La responsabilidad en ciberseguridad: Más allá de las herramientas
Esto nos lleva a algo bastante común en mi experiencia en ciberseguridad: las herramientas de seguridad son buenas y pueden evitar que el impacto y el alcance disminuyan, pero no podemos hacer nada si un usuario deja entrar el malware, aunque tengamos las mejores herramientas de seguridad del mercado.Claro, no es intencional por parte del usuario muchas veces, pero aquí entra nuestra responsabilidad como profesionales:
- ¿Contamos con las herramientas y configuraciones de hardening necesarias?

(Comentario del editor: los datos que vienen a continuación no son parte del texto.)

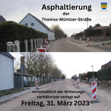 Die Asphaltierung der Thomas-Müntzer-Straße konnte aufgrund der Witterungsverhältnisse am 28. März 2023 nicht erfolgen. Vorbehaltlich der Witterung am 31. März 2023 wird diese nun am Freitag nachgeholt.
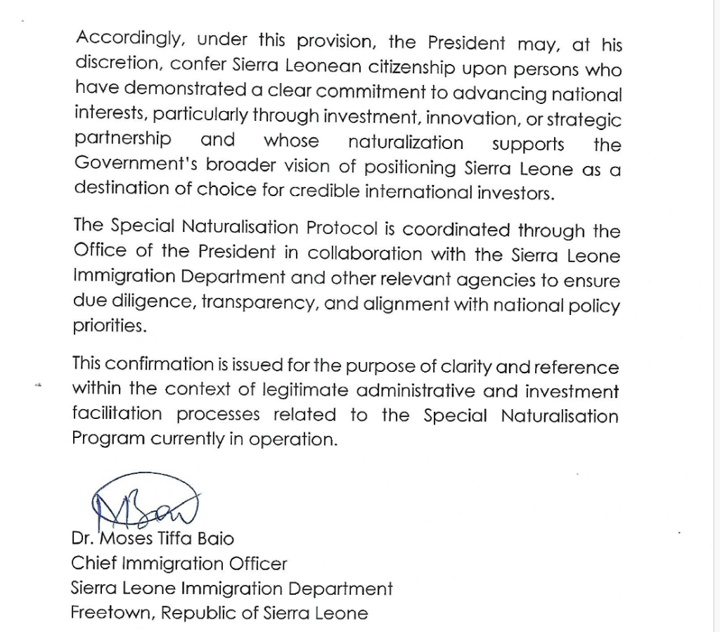 Dr. Moses Tiffa Baio, Chief Immigration Officer, confirmed the program operates under Section 27A of the Sierra Leone Citizenship Act 1973, which grants the President discretionary authority to confer citizenship.
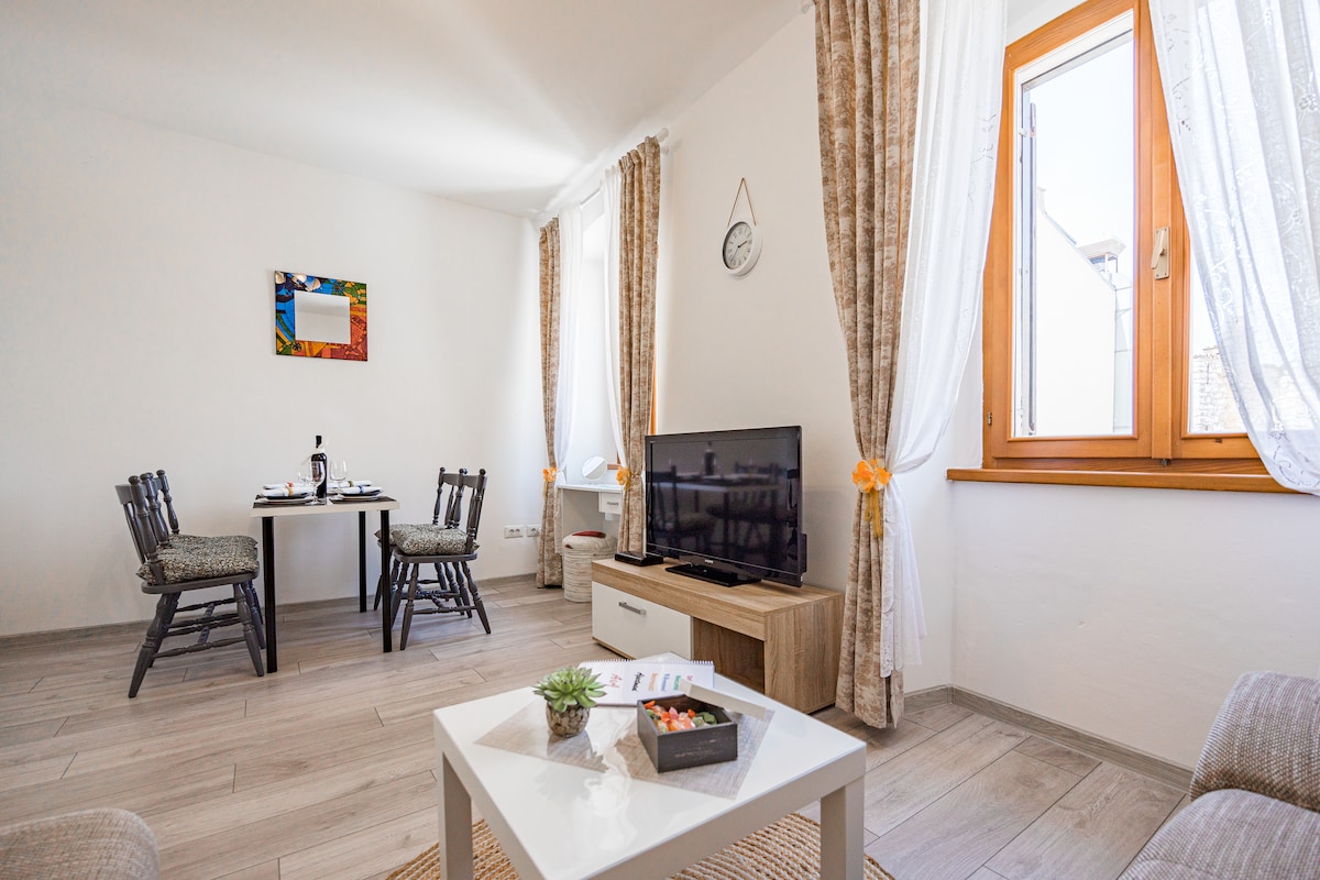 Fabuleux appartement spacieux (60 m2 pour seulement 2 personnes !) avec vue directe sur l'amphithéâtre et la mer depuis le salon et la chambre + une grande terrasse pleine de plantes. Une grande chambre avec lit double, salon, cuisine et salle à manger, terrasse verte spacieuse. WiFi gratuit, climatisation. Premier étage. PARKING à bon prix, à 3 min à pied de l'application. Emplacement juste à côté de l'amphithéâtre, vous serez au centre de l'ambiance de la vieille ville. À deux pas, vous trouverez de nombreux restaurants et cafés.
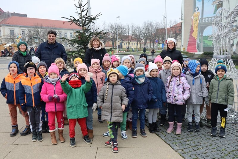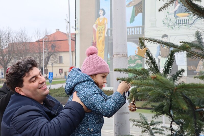 Djeca ukrasila božićna drvca na Strossmayerovom trgu u Križevcima

- ¿Estamos capacitando a los usuarios para que abran los ojos en estos temas (y aún a los que sí son del equipo de TI)?
- ¿Tenemos políticas bien definidas de mínimo privilegio?
Estas acciones proactivas son las que nos ayudan a prevenir que, aun si un malware logra avanzar, el impacto sobre la continuidad del negocio sea el menor posible.